The biggest hole (and there are a few) in this “spread” thesis is the
gross reliance of the spread to Treasuries without recognition and
appreciation that Treasuries themselves are most likely in a bubble.
This is why it is best to take a truly fundamental look at your
investments. Back to the story…

Some buyers already are acquiring
buildings at lower cap rates, which move inversely to price. In June, a
group of South Korean pension fund investors bought the 33-story Wells
Fargo Building in San Francisco for $333 million from Principal Financial Group Inc.
in one of the largest transactions in the second quarter, according to
Real Capital Analytics Inc., a property research firm. The office tower
sold at a cap rate of about 7 percent, said Goodwin Gaw, the developer who helped broker on the deal.

My question is, why not just wait until there is a discernible trend
in the stability of CRE? Why must everyone rush in to be first? Do
rental rates look to be going much higher in the near to medium term due
to materially firmer business fundamentals or lessened supply? Do
interest rates look to be dropping considerably in the near to medium
term? Are the fundamentals of the renters firm and strong? How does
supply vs demand look after rampant, bubblicious overbuilding (which is
still going on, may I add)? How does the financing and credit landscape
look? How about the credit metrics of existing buildings? Do we have low
LTVs or are these things thoroughly underwater (see the Macerich excerpt below). Let’s take a few pages out of my CRE 2010 Outlook report for subscribers (click here to subscribe). Be aware that this 47 page report was written nearly 10 months ago…



Are US Treasuries In A Bubble?

Well, if they are, not only does that debunk the “spread only” thesis
to CRE investing but it will devastate those who employed said thesis
when the bubble pops. As treasury yields spike, the cap rates on said
buildings will have to spike to maintain said spread or the spread will
have to lessen making the CRE that much more expensive relative to the
safer treasuries. Either way, the CRE investor would have wished they
waited! Let’s take a look at the NYSE US 10 yr index…
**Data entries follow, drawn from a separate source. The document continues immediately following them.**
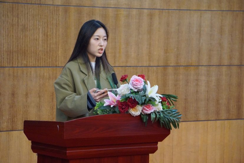 获奖学生代表李姿洁发言,代表学弟学妹对学长们给予的大力支持和激励表示衷心感谢,并表示将向优秀学长们学习,不负青春韶华,不负殷切期望,努力学习奋斗,以优异的成绩感恩学院的培养。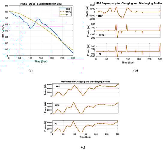 The RBF controller proved exceptional proficiency in managing the SC charge during the Artemis highway cycle study, as demonstrated in Figure 13a. Although the RBF controller initially had a lower SOC, it demonstrated significant efficiency improvements, especially obvious between the 300 s and 500 s time intervals. In contrast, the PI controller exhibited a steady decline in the SOC, as depicted in Figure 13a. The charging and discharging patterns shown in Figure 13b exhibited a strong indication of the superior performance of the RBF controller, highlighting its capacity for efficiently controlling the energy flow of the SC. Being able to maintain consistent speeds is particularly crucial in the environment of driving on motorways. The effective control of the RBF regulator assures excellent power availability and durability, thus being vital for longer high-speed journeys, even in steady-speed circumstances. Compared to the battery charging/discharging profile depicted in Figure 13c. The RBF controller demonstrates a highly steady and constant power output, maintaining a level very close to its maximum capacity during the entire time. The stability seen indicates a notable degree of accuracy and dependability in adapting to different circumstances, which is particularly important in situations that require a consistent and reliable performance. Conversely, the MPC exhibits a stable output, albeit with a bit more variability than the RBF method. This suggests that the MPC provides effective control, albeit with slightly less consistency. The PI controller, although effective, exhibits greater oscillations, indicating that it may be less appropriate for situations where power stability is of greatest significance.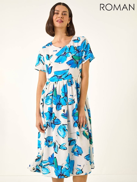 Roman White Floral Trim Smock Dress
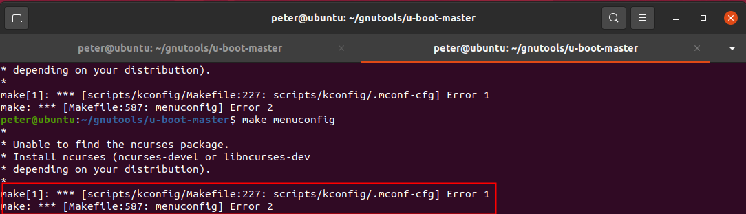 在Uboot中運(yùn)行“Make Menuconfig”時(shí),配置菜單無(wú)法運(yùn)行,出現(xiàn)如圖2-1所示的錯(cuò)誤: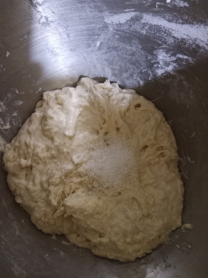 Спустя час добавить соль и замешать, пока соль не станет равномерно распределена по тесту. Я использую соль среднего помола.
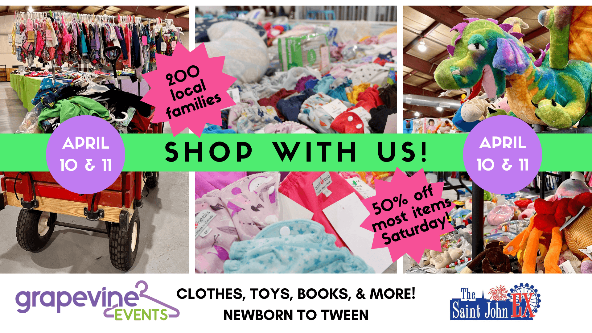 Grapevine Events’ twice-a-year pop-up is back – and bigger than ever! 200 local families, thousands of items (all hanging!), discount shopping on Saturday, & more! Free entry Friday night 5-8pm & Saturday 10am-2pm.
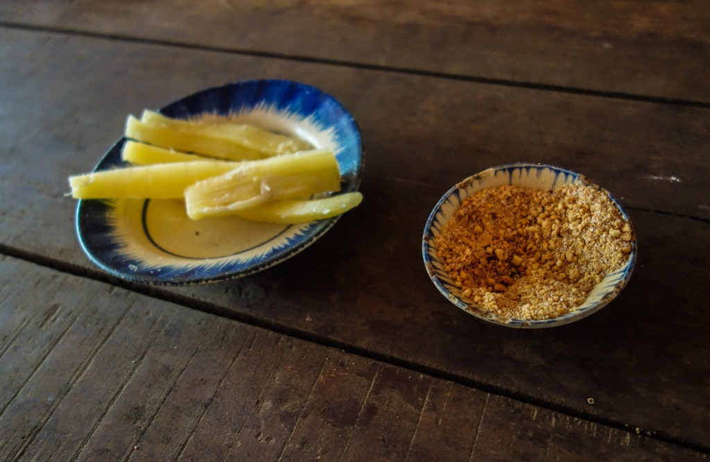 Food was always scarce during the war. One of the more popular snacks at the time was a really tasty yet simple dish: tapioca root dipped in crushed peanuts and sugar:
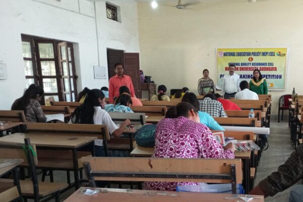मगध विश्वविद्यालय के सभी स्नातकोत्तर एवं स्ववित्तपोषित विभागों के शोधार्थियों एवं विद्यार्थियों के लिए राष्ट्रीय शिक्षा नीति (NEP) प्रकोष्ठ एवं आंतरिक गुणवत्ता आश्वासन प्रकोष्ठ (IQAC) के संयुक्त तत्वावधान में 24 सितम्बर 2025 को पोस्टर निर्माण प्रतियोगिता एवं समूह चर्चा का सफल आयोजन किया गया।पोस्टर निर्माण प्रतियोगिता का विषय “राष्ट्रीय शिक्षा नीति-2020 के किसी भी सिद्धांत/पहल/सुझाव…

Whoa!!! Looks pretty bubblicious to me! Herein lies the problem. I
don’t think that many investors truly understand the predicament that
the US, much Europe and those big boys in Asia are in. Pray thee tell
me, how is the US going to pay back its massive debt? Taking this from
the beginning, many of us were told that the Federal Reserve’s mandate
was to management inflation and unemployment rates. I lost a lot of
profit and messed up a 7 year record of investing in the 2nd quarter of
2009 when the federal reserve performed a stealth mandate change, which
in essence was to reinflate and maintain the credit and risky asset
bubbles of the new millenium. This bubble blowing has been funded by the
tax payer through the US Treasury. I challenge anybody to prove that
the Fed’s objective has been anything but. The government and the CB has
literally pulled out all stops to prevent the “Bust” portion of the
Boom/Bust cycle. They have bought trillions in MBS, toxic assets
directly off of private companies balance sheets, insured and
indemnified private transaction, nationalized failed private financial
institutions, purchased treasuries and MBS directly in a bid to
artificially lower market interest rates -this is a move which is in and
of itself by definition, unsustainable and guarantees a rate spike.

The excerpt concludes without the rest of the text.